BOSTON – According to new research from Boston Medical Center, family involvement in psychosis treatment leads to better patient outcomes. Published in ScienceDirect, researchers highlight that learning to use motivational interviewing communication skills may help caregivers to decrease conflict and expressed emotion and improve treatment adherence.
Research showed that families who understand the nature of psychosis symptoms and interventions can support treatment adherence by providing instrumental support for tasks such as scheduling and driving to appointments, filling prescriptions, and communicating with providers about concerning symptoms or behaviors.
The goal is not that the caregiver becomes a therapist to the individual with psychosis, but rather that they learn and use motivational interviewing based communication strategies to decrease expressed emotion and play a more effective role in helping to connect the individual with psychosis to relevant clinical services.
“With the findings from this study, our hope is to understand how supportive home environments can improve patient outcomes across diagnoses,” said Emily R. Kline, MD, Director of Psychological Services in the Wellness and Recovery After Psychosis Program at Boston Medical Center and associate professor of psychiatry at Boston University Chobanian & Avedisian School of Medicine.

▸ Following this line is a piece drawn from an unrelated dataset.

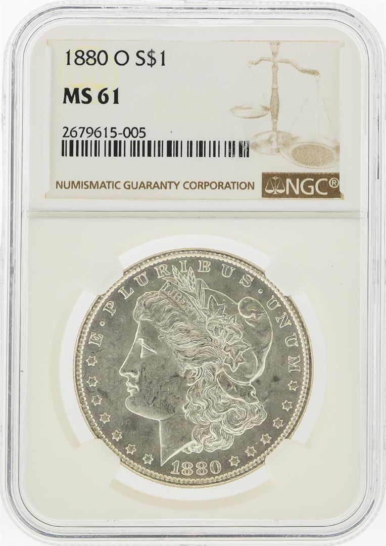 One 1880-O $1 Morgan Silver Dollar NGC Graded MS61. NGC Certified.

The study is a pilot randomized controlled trial testing the impact of Motivational Interviewing for loved ones (MILO), a brief five-hour psychoeducational intervention for caregivers, in a sample of family members of individuals with early course psychosis. Using a randomized crossover design, caregivers were randomized to either immediate motivational interviewing for loved ones or a six-week waitlist control condition – all participants eventually received the intervention.
The results of this study showed that caregiver participants experienced large and significant improvements in caregiver wellbeing, caregiver self-efficacy, family conflict, and expressed emotion. There was no change over time in caregiver-reported patient treatment adherence. Relative to waitlist, MILO had significant effects on family conflict and expressed emotion, a trending effect on perceived stress, and no effect on parenting self-efficacy or treatment adherence. Researchers believe that interventions that involve and counsel family members may improve patient outcomes, creating a less stressful and more supportive home environment.